16 'And the priest hath brought [them] near before Jehovah, and hath made his sin-offering and his burnt-offering;
De priester zal dat voor het aanschijn van Jahweh brengen, en zijn zonde- en brandoffer opdragen.
17 and the ram he maketh a sacrifice of peace-offerings to Jehovah, besides the basket of unleavened things; and the priest hath made its present and its libation.
Den ram en de korf met ongedesemde broden zal de priester met het spijs- en plengoffer, dat daarbij hoort, als een vredeoffer aan Jahweh opdragen.
18 'And the Nazarite hath shaved (at the opening of the tent of meeting) the head of his separation, and hath taken the hair of the head of his separation, and hath put [it] on the fire which [is] under the sacrifice of the peace-offerings.
Daarna moet de nazireër bij de ingang van de openbaringstent zijn gewijd hoofd scheren, het haar van zijn nazireaat nemen en in het vuur werpen, dat onder het vredeoffer brandt.
19 'And the priest hath taken the boiled shoulder from the ram, and one unleavened cake out of the basket, and one thin unleavened cake, and hath put on the palms of the Nazarite after his shaving his separation;
En zodra de nazireër zich het haar van zijn nazireaat heeft afgeschoren, moet de priester het gekookte schouderstuk van den ram, een ongedesemde koek uit de korf en een ongedesemde vla nemen, ze in de handen van den nazireër leggen,
20 and the priest hath waved them, a wave-offering before Jehovah; it [is] holy to the priest, besides the breast of the wave-offering, and besides the leg of the heave-offering; and afterwards doth the Nazarite drink wine.
en ze als een strekoffer voor het aanschijn van Jahweh aanbieden; het valt, met de borst van het strekoffer en de schenkel van het hefoffer, als iets heiligs den priester ten deel.
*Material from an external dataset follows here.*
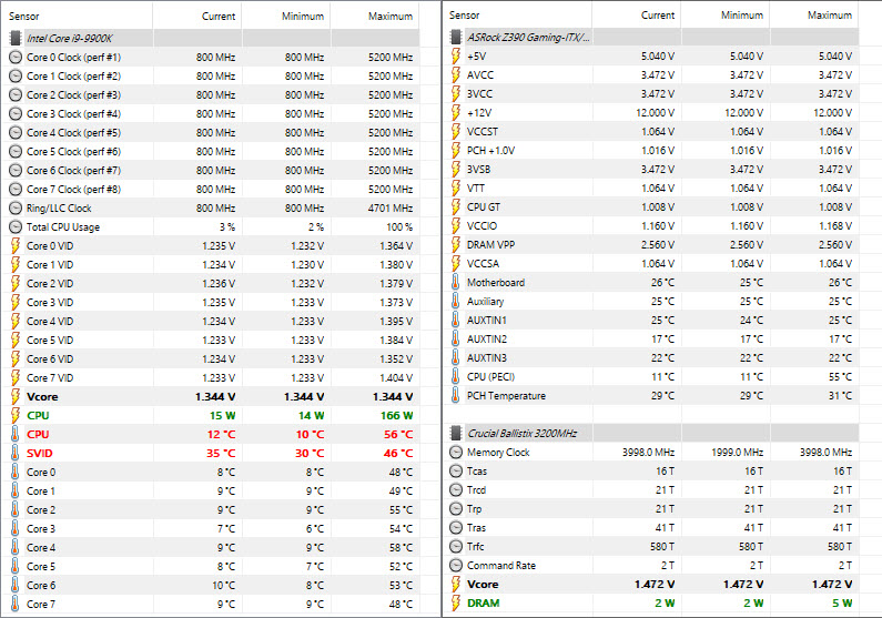 Предельные значения температуры и энергопотребления разогнанного Intel Core i7-9700K при прохождении тестирования в Prime95 29.4 (при полной восьмипоточной нагрузке SmallFFT c AVX, охлаждение Corsair Hydro Series H115i)

Daarna mag de nazireër wijn drinken.
21 'This [is] the law of the Nazarite, who voweth his offering to Jehovah for his separation, apart from that which his hand attaineth; according to his vow which he voweth so he doth by the law of his separation.'
Dit is voor den nazireër, die de gelofte heeft afgelegd, de wet over zijn gave aan Jahweh op grond van zijn nazireaat, afgezien van wat hij vrijwillig brengt; krachtens de wet van zijn nazireaat, moet hij alles zo volbrengen, als hij het Jahweh beloofd heeft.
22 And Jehovah speaketh unto Moses, saying,
Nog sprak Jahweh tot Moses:
23 'Speak unto Aaron, and unto his sons, saying, Thus ye do bless the sons of Israel, saying to them,
Zeg aan Aäron en zijn zonen: Zo moet ge de zegen over Israëls kinderen uitspreken:
24 'Jehovah bless thee and keep thee;
Jahweh zegene u, En behoede u;
25 'Jehovah cause His face to shine upon thee, and favour thee;
Jahweh doe zijn aanschijn over u lichten, En zij u genadig;
26 'Jehovah lift up His countenance upon thee, and appoint for thee — peace.
Jahweh wende tot u zijn gelaat, En schenke u de vrede!
27 'And they have put My name upon the sons of Israel, and I — I do bless them.'
Zo zullen zij mijn Naam op de kinderen Israëls doen rusten, en zal Ik hen zegenen.